> **Task directions**
Give the entries back exactly, dropping each image.
____ Dataset excerpts
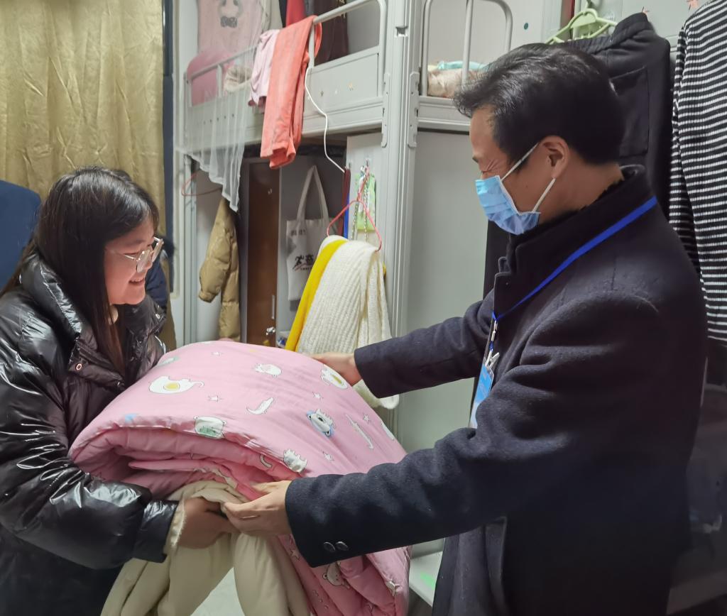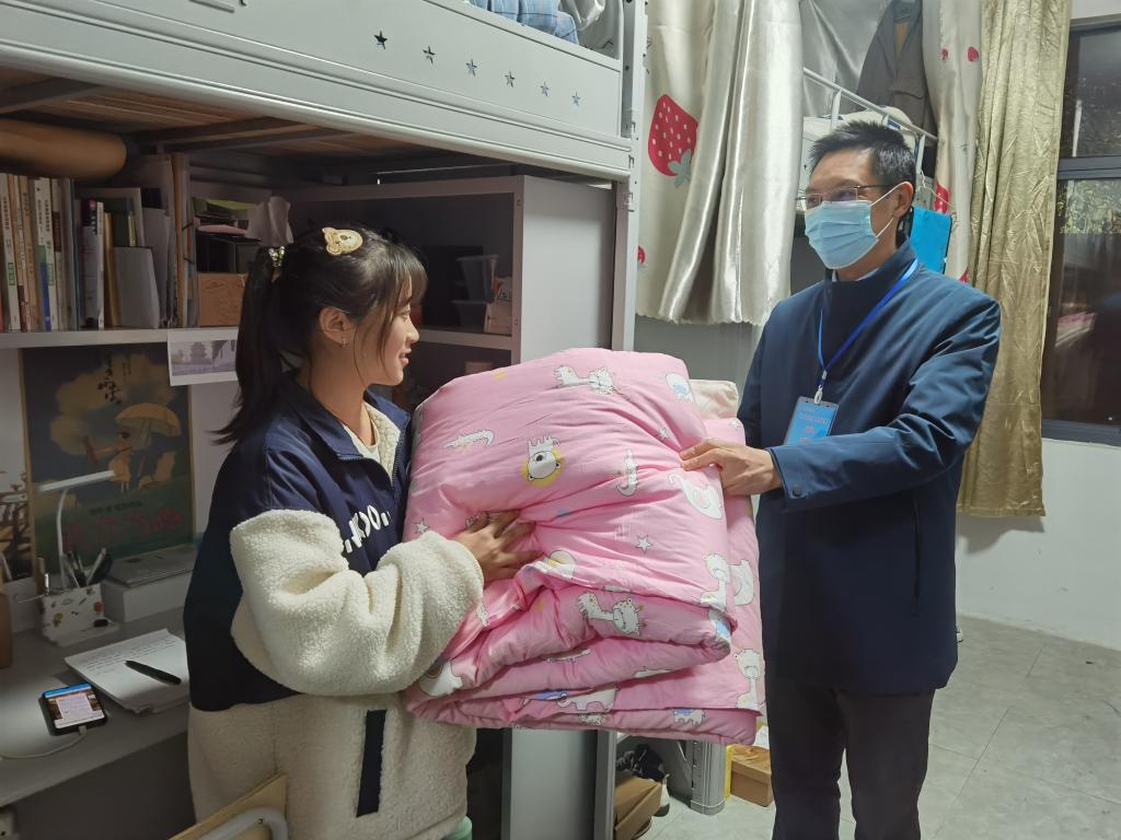 beat365亚洲体育官方网站领导深入宿舍为贫困生发放爱心棉被
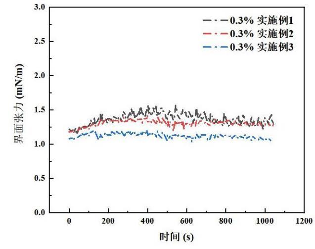 采用克呂士SDT旋轉(zhuǎn)滴界面張力儀分別測量原油(粘度723.7 mPa·s)滴入各實施例的地層水溶液后的界面張力(IFT),其中,各實施例在地層水中的質(zhì)量濃度為0.3%,并將原油滴入地層水中作為對照組進(jìn)行測量,測得對照組界面張力為21.6mN/m,其余各實施例測量結(jié)果如圖所示??梢钥吹?,原油與三種實施例溶液混合后的體系的IFT可降低至1.25~1.46mN/m,證明了硅基納米原位乳化減阻劑具有良好的界面張力降低效果。
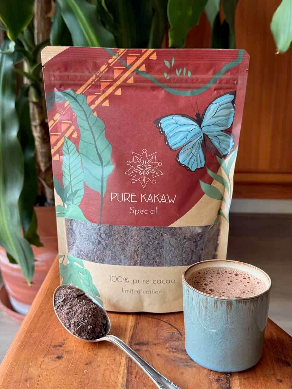 Onze flakes zijn gemaakt van hele cacaobonen die tot een fijne pasta zijn gemalen en lossen daardoor gemakkelijk op in je drankje. In tegenstelling tot cacaoblokken zijn deze flakes extra makkelijk in gebruik: gewoon scheppen en mengen voor een schuimige drank. Dezelfde kwaliteit ceremoniële cacao als een cacaoblok, maar bespaart je het gedoe van het snijden in kleine stukjes en bespaart je de rommel. Bewaar ze naast je koffie en thee thuis of op het werk om van te genieten als onderdeel van je dagelijkse routine.
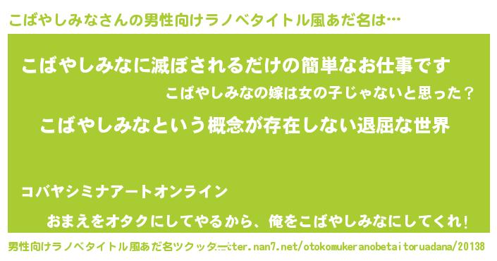 | 女子向けラノベタイトル風あだ名 | 『異世界で失敗しない100のこばやしみな』 |
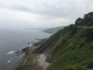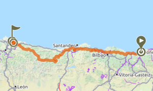 Da das Fahrzeug leider kein Navi hatte und ich mit dem Garmin, das auf Fahrradnavigation eingestellt ist, nicht schon wieder Anfangsschwierigkeiten provozieren wollte, vertraute ich meinem Orientierungssinn und der klassischen Methode mit Karte. Problem war nur der Maßstab der als Übersichtskarte von Spanien und Portugal gedachten Orientierungslösung. So waren viele der auf den Schildern benannten Orte auf der Karte nicht verzeichnet. Irgendwie gelang es mir dann doch Richtung Bilbao zu folgen und ich schaffte es dann sogar nicht der Hauptstraße sondern der angedachten Nebenstrecke, direkt am Atlantik zu folgen. Eine Klasseroute, bei der ich dann auch nachvollziehen konnte, wie die errechneten 4.500 Höhenmeter zustande kamen.
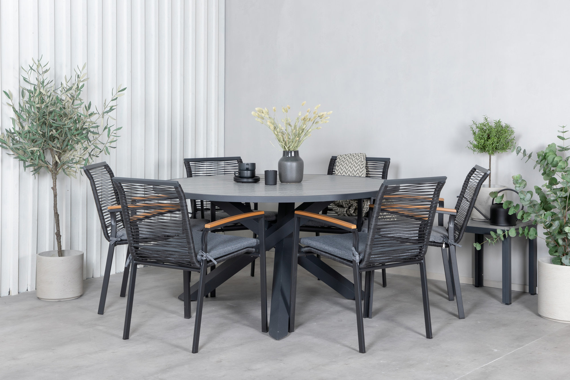 Snyggt, modernt och slitstarkt – vad mer kan man önska? Skapa en social atmosfär på uteplatsen med det runda matbordet Parma. Här i kombination med våra läckra matstolar från serien Dallas. Stolarna är väl tilltagna i svart rep och har dekorativa armstöd i trä.
________
> **Result below**
 beat365亚洲体育官方网站领导深入宿舍为贫困生发放爱心棉被
 采用克呂士SDT旋轉(zhuǎn)滴界面張力儀分別測量原油(粘度723.7 mPa·s)滴入各實施例的地層水溶液后的界面張力(IFT),其中,各實施例在地層水中的質(zhì)量濃度為0.3%,并將原油滴入地層水中作為對照組進(jìn)行測量,測得對照組界面張力為21.6mN/m,其余各實施例測量結(jié)果如圖所示??梢钥吹?,原油與三種實施例溶液混合后的體系的IFT可降低至1.25~1.46mN/m,證明了硅基納米原位乳化減阻劑具有良好的界面張力降低效果。
 Onze flakes zijn gemaakt van hele cacaobonen die tot een fijne pasta zijn gemalen en lossen daardoor gemakkelijk op in je drankje. In tegenstelling tot cacaoblokken zijn deze flakes extra makkelijk in gebruik: gewoon scheppen en mengen voor een schuimige drank. Dezelfde kwaliteit ceremoniële cacao als een cacaoblok, maar bespaart je het gedoe van het snijden in kleine stukjes en bespaart je de rommel. Bewaar ze naast je koffie en thee thuis of op het werk om van te genieten als onderdeel van je dagelijkse routine.
 | 女子向けラノベタイトル風あだ名 | 『異世界で失敗しない100のこばやしみな』 |
 Da das Fahrzeug leider kein Navi hatte und ich mit dem Garmin, das auf Fahrradnavigation eingestellt ist, nicht schon wieder Anfangsschwierigkeiten provozieren wollte, vertraute ich meinem Orientierungssinn und der klassischen Methode mit Karte. Problem war nur der Maßstab der als Übersichtskarte von Spanien und Portugal gedachten Orientierungslösung. So waren viele der auf den Schildern benannten Orte auf der Karte nicht verzeichnet. Irgendwie gelang es mir dann doch Richtung Bilbao zu folgen und ich schaffte es dann sogar nicht der Hauptstraße sondern der angedachten Nebenstrecke, direkt am Atlantik zu folgen. Eine Klasseroute, bei der ich dann auch nachvollziehen konnte, wie die errechneten 4.500 Höhenmeter zustande kamen.
 Snyggt, modernt och slitstarkt – vad mer kan man önska? Skapa en social atmosfär på uteplatsen med det runda matbordet Parma. Här i kombination med våra läckra matstolar från serien Dallas. Stolarna är väl tilltagna i svart rep och har dekorativa armstöd i trä.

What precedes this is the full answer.